Singles from Colpa d'Alfredo
- "Non l'hai mica capito / Asilo 'Republic'" Released: 30 January 1980;

= Colpa d'Alfredo =

Colpa d'Alfredo (lit. '[It's] Alfredo's fault') is the third studio album by Italian rock singer-songwriter Vasco Rossi, released on 3 April 1980 by Targa.

== Description ==
The album was anticipated by the single Non l'hai mica capito / Asilo 'Republic, released in January 1980. Initially, the title track —which would become one of the album's most famous songs – was considered. However, it was put aside because of its explicit lyrics, where Rossi laments having lost the opportunity of hanging out with a girl because of Alfredo, who distracted him, with the girl leaving with "un negro" instead. The racial slur being uncensored, together with the girl being called "la troia" ("a whore"), raised controversy around the song, with some radio refusing to play it. Andrea Giacobazzi, longtime friend of Rossi, revealed that the lyrics were partially autobiographical, although Rossi did not miss a date with a girl, but had to travel to Misano Adriatico where he had a gig booked. According to Rossi, the lyrics were inspired by another occasion, where he missed a date because he played Space Invaders while chatting with Alfredo.
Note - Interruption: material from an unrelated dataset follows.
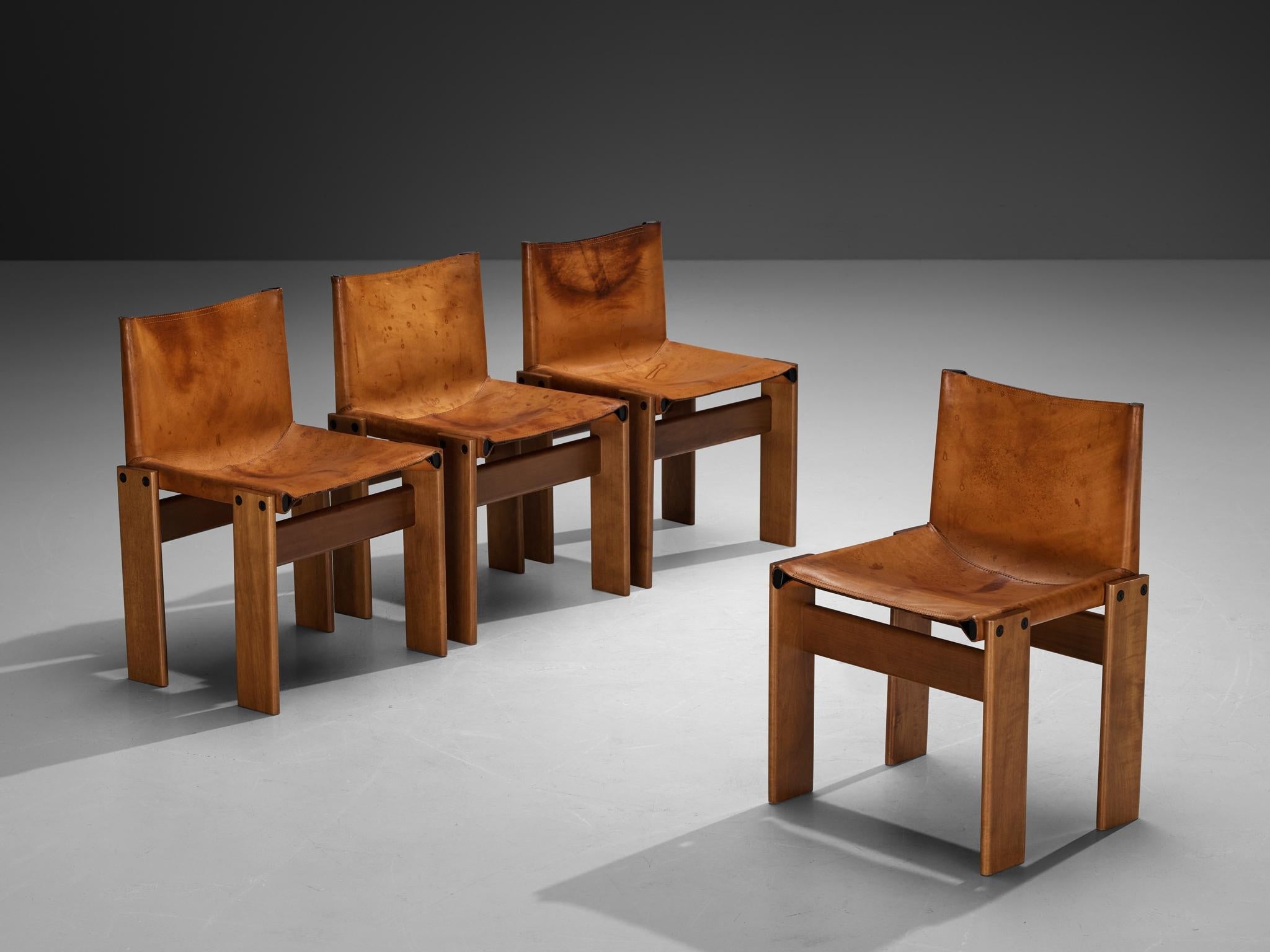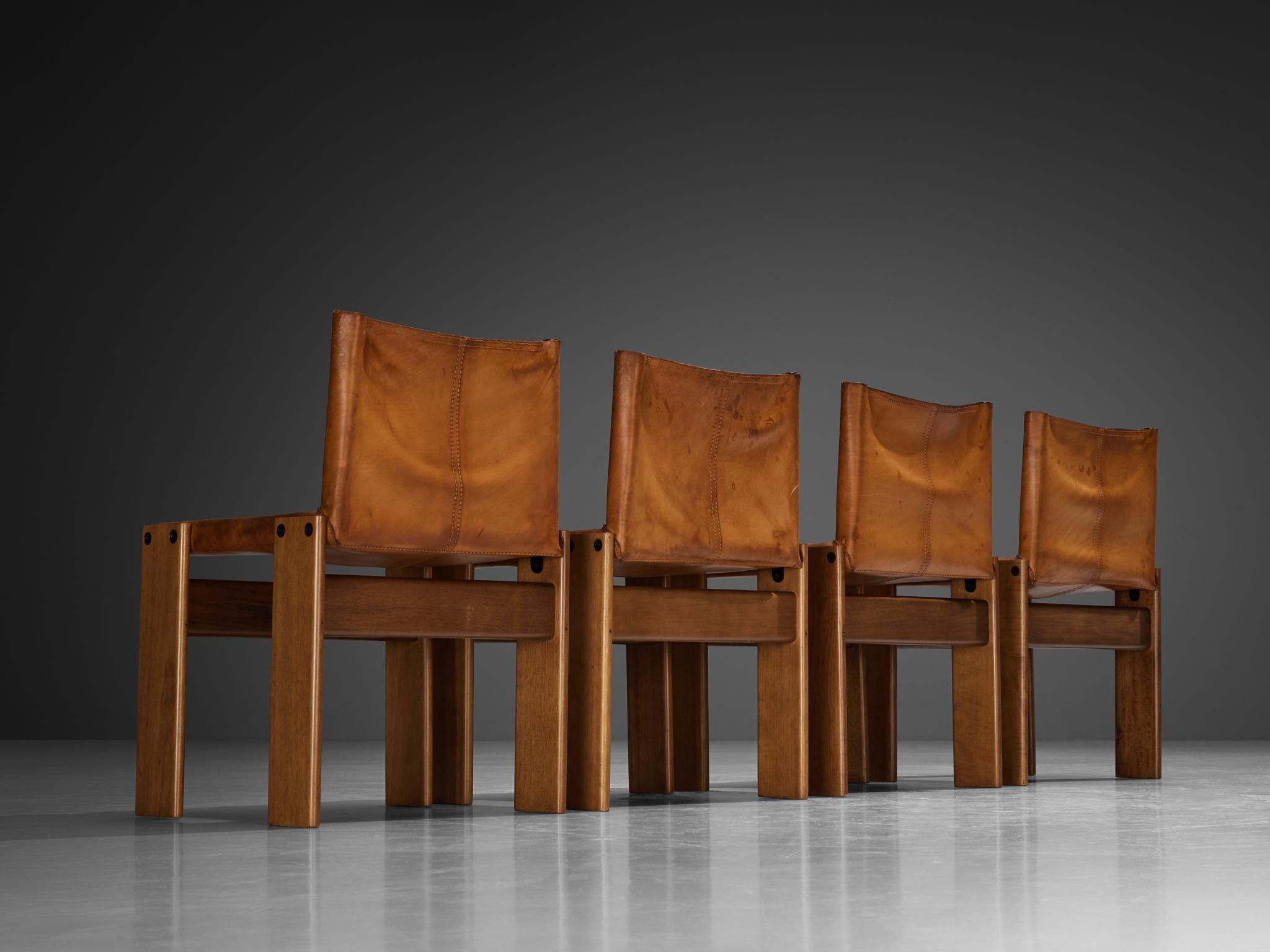 Afra & Tobia Scarpa for Cassina '121' Dining Chairs in Cognac Leather and Walnut

On the occasion of the album's fortieth anniversary re-release, Rossi's speaker Tania Sachs reported the singer's comment on the lyrics of "Colpa d'Alfredo" and the controversy surrounding them:

Among the other songs, "Tropico del Cancro" continues the style of the previous two albums, while "Sensazioni forti" and "Asilo 'Republic'" are influenced by punk rock, and "Susanna" and "Alibi" are rock-prone – at the time, according to Maurizio Biancani, Rossi was particularly fond of The Clash and The Rolling Stones. The closing track of Side A, the piano-driven ballad "Anima fragile", despite having sometimes been interpreted as a dedication to the singer's father Giovanni Carlo "Carlino" (passed away in 1979), is a love song inspired by a former girlfriend of Vasco Rossi.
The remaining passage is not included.